Because Yehudah and his brothers stained Yosef’s coat with the blood of a young goat in order to trick their father into believing that Yosef had been killed, Yehudah was tricked by Tamar with a young goat. This is but one of the parallels between the two narratives that support Cassuto’s interpretation. The following are a number of additional corresponding elements in the two stories:

ויהי כאשר בא יוסף אל אחיו ויפשיטו את יוסף את כותנתו…

(בראשית לז:כג)

ויגד לתמר לאמר הנה חמיך עלה תמנתה לגז צאנו. ותסר בגדי אלמנותה… (בראשית לח:יג-יד)

And it was told to Tamar saying: “Behold your father-in-law is going up to Timna to shear his sheep.” And she removed her widow’s garments …

(Bereshit 38:14)

And it was when Yosef came to his brothers, and they removed Yosef’s coat from him…

(Bereshit 37:23)

וישלחו את כתונת הפסים ויביאו אל אביהם ויאמרו זאת מצאנו הכר נא הכתונת בנך הוא אם לא.

(בראשית לז:לב)

הוא מוצאת והיא שלחה אל חמיה לאמר לאיש אשר אלה לו אני הרה ותאמר הכר נא למי החותמת והפתילים והמטה האלה.(בראשית לח:כה)
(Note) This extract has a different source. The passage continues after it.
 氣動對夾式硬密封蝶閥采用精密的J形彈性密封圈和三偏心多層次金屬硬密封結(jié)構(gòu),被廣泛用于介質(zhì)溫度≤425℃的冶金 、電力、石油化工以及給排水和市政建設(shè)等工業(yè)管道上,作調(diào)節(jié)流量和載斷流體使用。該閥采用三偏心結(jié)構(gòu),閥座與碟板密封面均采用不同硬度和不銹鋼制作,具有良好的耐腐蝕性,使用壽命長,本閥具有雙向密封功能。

When she was brought forth, she sent to her father-in-law saying: “By the man to whom these belong I am pregnant.” And she said: “Identify please whose are these signet, cord and staff.

(Bereshit 38:25)

And they sent the coat of many colors and brought it to their father, and said: “This we have found. Identify please if it is the coat of your son or not.”

(Bereshit 37:32)

This comparison indicates that the deceptions in the sale of Yosef and the story of Yehuda and Tamar were parallel from beginning to end. It is interesting to note that the following Midrash, found in the Schechter Genizah, also utilizes the parallel appearance of the young goat to explain the sale of Yosef as a “measure for measure” punishment for Ya’akov:

"וישחטו שעיר עזים"(בראשית לז:לא): משלם הקב"ה לבני אדם מדה כנגד מדה,ואפילו לצדיקי עולם משלם מדה כנגד מדה. יעקב אבינו רימה באביו בעורותגדיי עזים ובניו רימו בו בגדי עזים... (תורה שלמה, וישב לז:קפא)
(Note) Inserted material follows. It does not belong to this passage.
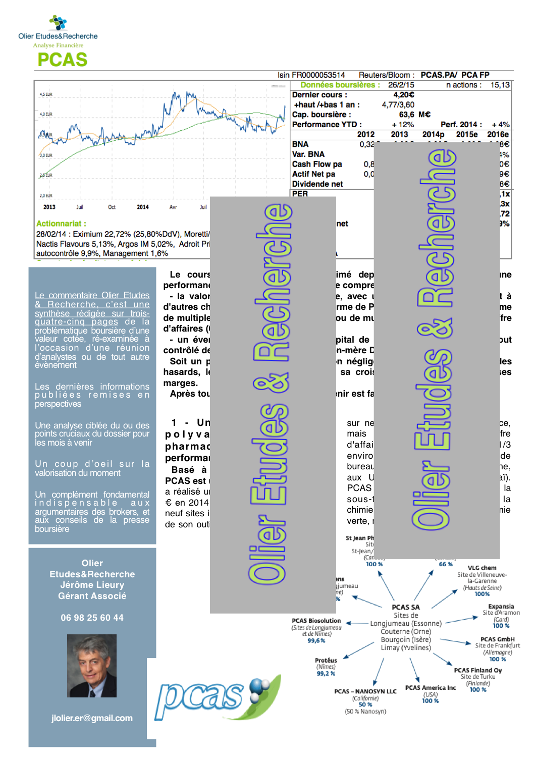 Le cours de PCAS s'est bien ranimé depuis quelque temps, soit une performance de +12% ytd. Ce qui peut se comprendre, étant donné, selon notre analyse financière :

And they slaughtered a young goat (Bereshit 37:31) - God repays man measure for measure, and even pays the righteous of the world measure for measure. Our father Ya’akov deceived his father using the skins of a young goat, and his sons deceived him with a young goat …(Torah Shleimah, Vayeshev 37:181)


A combined look at the commentaries on the stories of Yosef and Yehudah reveal an important common thread between the two events – that both stories must be viewed from both the human and Divine perspectives. Each story involves a drama in which human frailty leads to tragedy, and confrontation with that frailty leads to regeneration. In both stories, as well, the human drama unfolds within a larger picture that is driven by a Divine plan. As such, we can understand that ultimately from these two episodes emerged the two redeemers of Israel – Mashiach ben Yosef, and Mashiach ben David.[2]

[1] קסוטו, ב. ד., "מעשה תמר ויהודה" בציונים, הוצאת אשכול, ברלין תרפ"ט, דפים 93-100.

[2] There is a tradition among Jewish thinkers that there will be two stages to the messianic redemption involving the advent of two messianic figures – Mashiach ben Yosef and Mashiach ben David. Mashiach ben Yosef is described as a warrior who will effect the national reunification of the Jewish people prior to the arrival of Mashiach ben David.